Why did I (naively) think that french fries would play nice with my blood sugars?

Well, for starters, I was doing my best to cut carbs the rest of the carbs I’d be consuming for this particular meal, which was a pulled pork sandwich with a side of fries. I ate less than half of the bun and I certainly didn’t finish the heaping portion of fries. But I did eat a lot more than I normally would (and savored every single one), making sure to bolus semi-aggressively for the indulgence.

And I was literally coasting for hours afterward – I didn’t budge above 130 for at least three hours post-meal. I was confused, but elated! Did I finally figure french fries out? Did I master the correct portion of carbs/protein/fat to eat with them? Or maybe my pancreas decided to resuscitate itself for a narrow window of time that particular evening?

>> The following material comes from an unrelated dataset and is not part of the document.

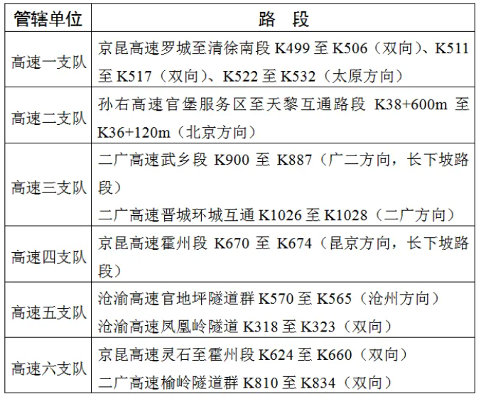 2、2022年9月30日开始,太长高速辖区主线禁止途经榆岭隧道群路段(榆社北至太谷东站之间)的大件运输车辆通行。

I’m gonna go with the latter.

Because a bit after midnight – a witching hour, indeed – that’s when the crazy corrections, and excessive cursing on my part, started. The french fries had made a proper fool of me again, and I couldn’t believe I’d really fallen for their conniving ways again.

Needless to say, I won’t be ordering french fries with my meal again any time soon. Some foods just aren’t worth it when it comes to figuring out how to make them play nice with my diabetes, and french fries don’t quite cut the mustard.

Oh, and YOU’RE WELCOME for the really silly pun.